Forcée par la logique marchande à s’engager dans une dangereuse course productiviste, l’agriculture s’essouffle et, avec elle, les agriculteurs éprouvent de plus en plus de difficulté à exercer leur métier. Les problèmes sociaux, économiques et environnementaux auxquels font face les artisans de la terre sont criants.
Malgré cela, il est encore trop tôt pour annoncer la fin des haricots. Dans les vignes de France comme dans les Prairies canadiennes, des plaines "vermontoises" au terroir québécois, la résistance s’organise et fait clairement entendre son message: il faut revenir à une approche plus modeste, penser goût et santé plutôt que perfection et profit, s’en remettre aux méthodes douces préconisées par nos ancêtres.

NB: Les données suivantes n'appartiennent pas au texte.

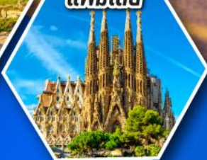
โบสถ์ซากราดา แฟมิเลีย
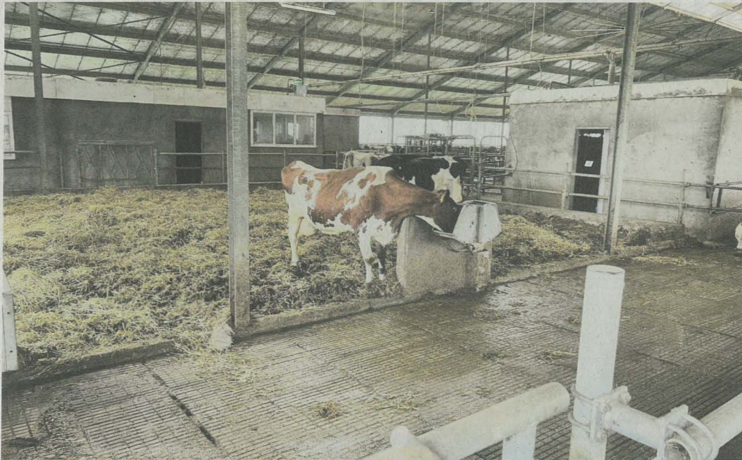
Une zone de vêlage et de démarrage sur paille profonde aux Pays-Bas.

Répondons à la question posée ci-dessus: une vache Holstein de 650 kg et 145 cm de hauteur au garrot mesure environ 2 mètres de la base de la queue à la patte avant repliée. Avec la tête, il faut ajouter 70 cm et pour se lever, où elle pousse la tête vers l'avant pour prendre son élan, elle a besoin de 75 cm supplémentaires. De nombreuses logettes ne répondent pas à ces dimensions. Les vaches apprendront à se coucher dans les lits trop
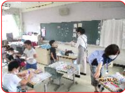
2年 図工科「いろいろもよう」 思い思いの模様をマジックで描いています。
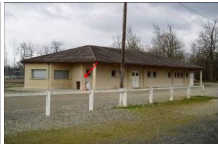
Vue du site - Auteur : EPIDOR

Coordonnées WGS84 : X: 1.36552400 / Y: 45.13680830
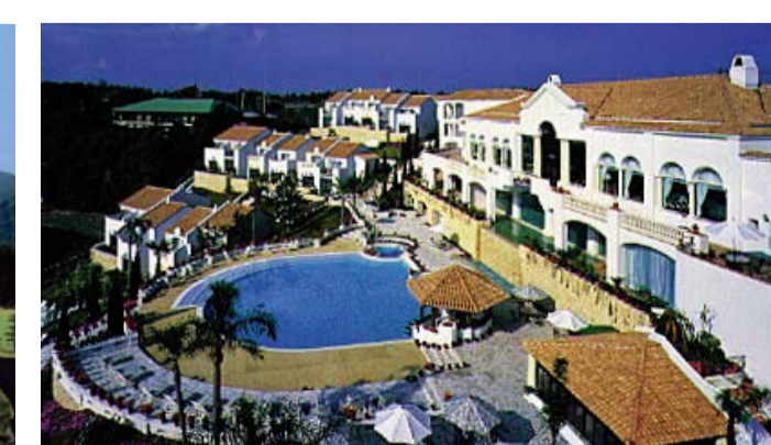
プライムリゾート賢島
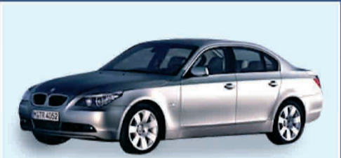
BMW NEW 530d FUTURA IPER ACCESSORIATE - ANNO 2004 € 42.000 IVA ESPOSTA
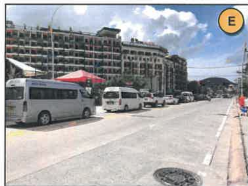
ทิศตะวันออก : ถนนพระเมตตา
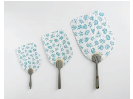
京うちわ Ojigi 貝殻

京都のうちわで涼しげな柄の Ojigi を作ってみました。丸亀うちわとは取っ手のつくりが違います。夏といえば金魚です。
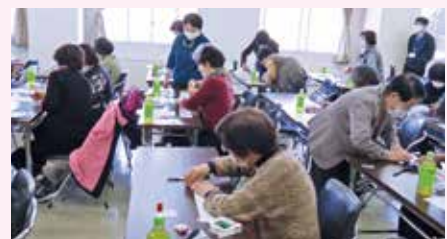
手作りお手玉とクルクル巻き布ネックレスの 作り方講習会 R3.11
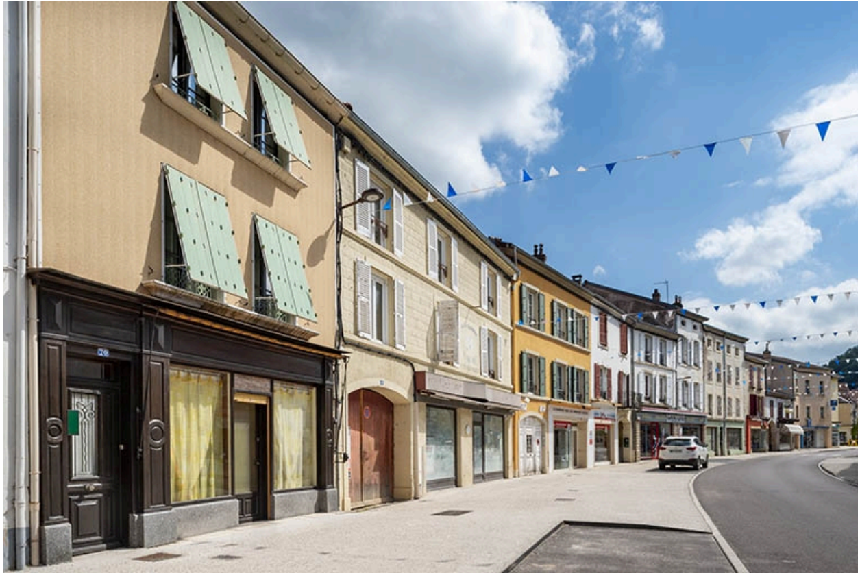
La rue Gambetta : n° 70 et suivants.
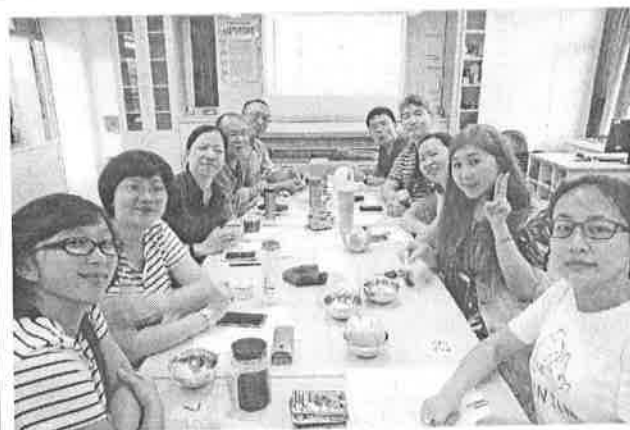
圖說：研習分享、共備討論後合影
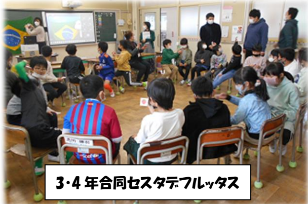
3・4年合同セスタデフルッタス

「ブラジルにまつわるクイズ」では、「ブラジルの学校には給食があるか」「自分たちで掃除をしているか」などのクイズに答え、ブラジルと日本の学校の違いに驚きました。
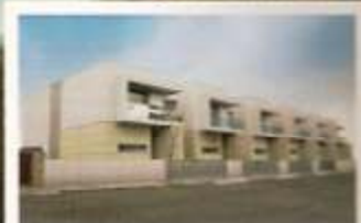
➤ Moradas T4 Nogueiró - Braga Pág. 31
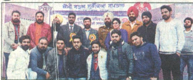
‘ਰਾਸ਼ਟਰੀ ਸੁਰੱਖਿਆ ਸਪਤਾਹ’ ਮੌਕੇ ਵਿਦਿਆਰਥੀਆਂ ਨਾਲ ਯਾਦਗਾਰੀ ਤਸਵੀਰ ਖਿਚਵਾਉਂਦੇ ਪਤਵੰਤੇ ਸੱਜਣ।
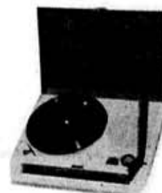
図 6. GP-55
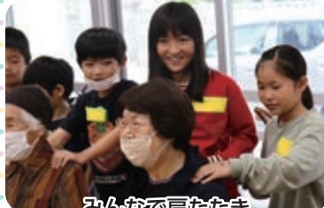
みんなでおんたたく

それぞれ地域のおじい、おばあにミニゲームをして楽しみました。おじい、おばあは目を輝かせ、終始笑顔で園児や児童との貴重な時間を過ごしました。
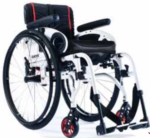
XENON 2 SA LE PASSE-PARTOUT
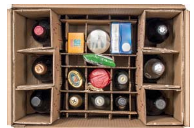
6er- STEHBOX PREMIUM/KOMPAKT® Karton
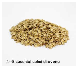
4–8 cucchiaini colmi di avena
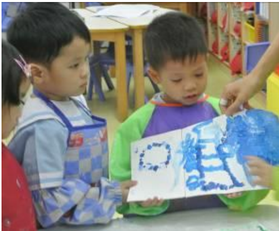
幼兒分享其作品內容。
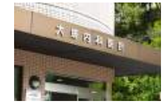
大塔内科医院 徒歩8分(約640m)
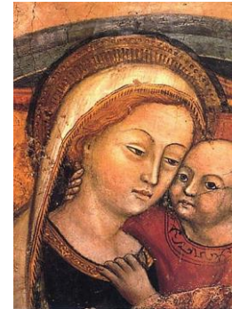
Ikone der Mutter vom Guten Rat in Genazzano

Die Verehrung Mariens als Mutter vom guten Rat wurde insbesondere von den Augustiner-Eremiten gefördert und verbreitet. Ein bekannter marianischer Wallfahrtsort, der diesem Patrozinium unterstellt ist und seit 1356 von den Augustiner-Eremiten betreut wird, ist das Heiligtum Unserer Lieben Frau vom Guten Rat in der italienischen Ortschaft Genazzano im Latium. Die Wallfahrten zu dem mittelalterlichen Gnadenbild dort sind seit 1467 gut dokumentiert. Etliche Päpste suchten den Wallfahrtsort auf und unterstützten die Wallfahrt dorthin: Urban VIII. am 21. Oktober 1630, Pius IX. am 15. August 1864, Johannes XXIII. am 25. August 1959 und Johannes Paul II. am 23. April 1993. Ein großer Förderer des Heiligtums war Papst Leo XIII., der die Kirche im Jahr 1902 ausschmücken ließ, am 23. April 1903 besuchte und die Kirche mit dem Breve Sacris Aedibus zur Basilika minor erhob.
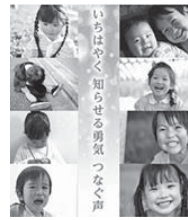
厚生労働省では11月を「児童虐待防止推進月間」と定め、児童虐待問題に対する社会的関心の喚起を図るため、広報や啓発活動をしています。

全国の児童虐待相談対応件数は平成29年度速報値で13万件を突破し、過去最多で増加の1途をたどっています。児童虐待は子どもの心身に深
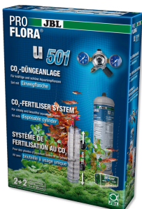
JBL PROFLORA u501 Komplettsset- Pflanzendüngenanlage

Cultivatrice à temps partiel et cinéaste à plein temps, Ève Lamont nous fait faire le tour d’un jardin planétaire visiblement mal en point. Fruit d’une longue et solide enquête, son documentaire met efficacement en relief les nombreux problèmes auxquels se heurtent paysans, cultivateurs et autres éleveurs. Grave sans être alarmiste, le propos diffuse également sa part de lumière: en effet, Lamont ne manque pas de recenser ces terres où prospèrent les "semences d’espoir" plantées par d’irréductibles paysans. La réalisatrice de Squat! et de Méchante Job nous parle de sa démarche.
Pas de pays sans paysans traite de plusieurs questions, qui auraient toutes pu faire l’objet d’un film entier. Y a-t-il eu tentation de n’en traiter qu’une seule plutôt que de les aborder à la queue leu leu?
"Oui, j’aurais pu réaliser un film sur les OGM ou sur la mondialisation de l’agriculture. J’ai aussi hésité entre me concentrer sur les impacts sociaux et environnementaux et parler seulement des "alternatives", des solutions. En faisant les deux, le film va au-delà de la simple dénonciation."
Le projet Pas de pays sans paysans a nécessité quatre ans de travail. Parlez-nous un peu du processus qui a conduit à sa création.
"C’est ce qu’on appelle faire du documentaire d’auteur. Il y a un peu de missionnariat là-dedans (rires). Ça exige un don de soi qui va au-delà de ce que ton budget de tournage peut te permettre. Ce qui m’a avantagé, c’est que je suis aussi camérawoman professionnelle. Avant mes débuts en réalisation indépendante, j’ai commencé à travailler comme camérawoman et directrice photo pour diverses maisons de production. Ça m’a donné une souplesse et une capacité d’aller chercher sur le terrain une diversité de témoignages."
On s’attendrait à ce que le film, vu son parti pris engagé, suscite des émotions fortes telle la colère. Il donne aussi le moton, pardonnez l’expression…
"C’est pas un film racoleur. On parle de témoignages livrés par des gens vivants, réels, c’est pas des acteurs. Oui, ça va venir te chercher. La réalité dépasse souvent la fiction."